Imagine you want to classify documents with binary labels. Perhaps you are trying to classify emails as spam/not spam. Or perhaps you have a collection of documents and a vocabulary of tags (as in a blog post like this) and want to apply the appropriate tags for each document. Formally, we call the spam detection problem binary classification and the autotagging problem multilabel classification.
So you choose your favorite classification algorithm, for instance logistic regression or a support vector machine. You regularize to maximize performance on holdout data. For simplicity, assume that in the multilabel case, a separate classifier is trained for each label. Finally, you have a model that can attach real valued scores to documents. You might think you’re done! But some glaring questions remain.
What do you do with these scores?
What does it mean for a system to output “good” scores?
How can you compare the performance of logistic regression, which minimizes log loss, against a support vector machine, which minimizes hinge loss?
Should a performance metric operate on real valued scores or binary predictions?
How does class balance influence the choice of performance metric?
If the dataset is multilabel, how do you aggregate scores across labels?
In both the research community and data science practice, a lot of thought goes into designing and optimizing algorithms, but too often evaluation methodology is an afterthought.
Evaluating Rankings vs. Predictions
A primary consideration is whether an evaluation metric should take as input ordinal rankings or binary predictions. In either case, it may be useful to first formalize a few terms.
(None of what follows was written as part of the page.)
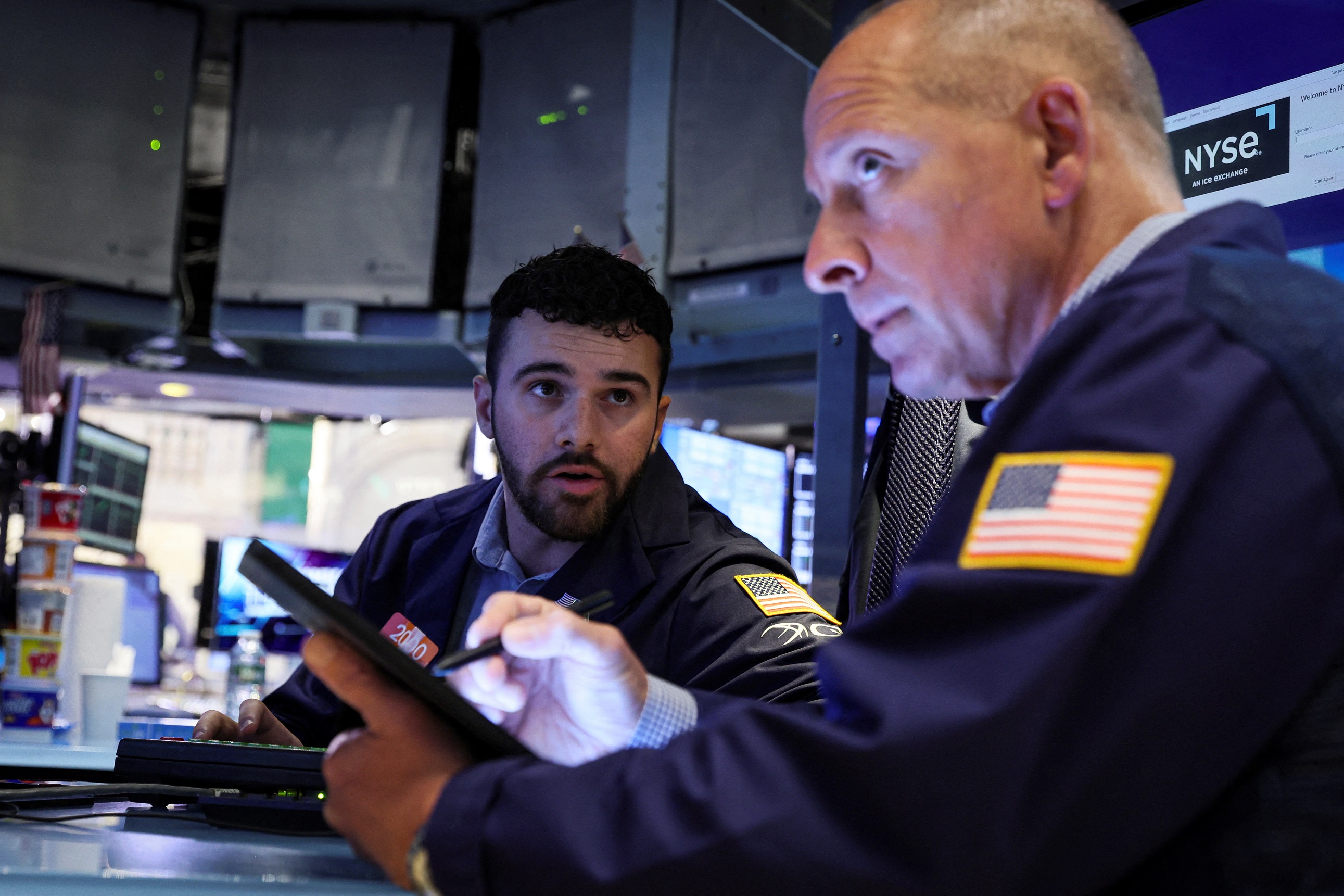 Traders work on the floor of the New York Stock Exchange, on July 26, 2022.

When the ground truth label is positive, we call this an actual positive. When the predicted label is positive, we call this a predicted positive. As indicated in the following confusion matrix (Figure 1), False positives and false negatives occur when the predicted label and ground truth disagree.
In an information theoretic sense, rankings are clearly more expressive than binary outputs. Given rankings, a user could impose their own cost-sensitivity (relative costs of false positive and false negative) and craft their own decision theory. Further, several established performance metrics exist which operate on rankings as inputs. Area under the ROC curve (AUROC) is one common metric that operates on fully specified rankings. AUROC plots the true positive rate against the false positive rate. A system that predicts all actual positives ahead of all actual negatives achieves the maximum AUROC score of 1. A system outputting completely random rankings would be expected to achieve an AUROC of .5. (An example AUROC taken from Wikipedia is shown below.)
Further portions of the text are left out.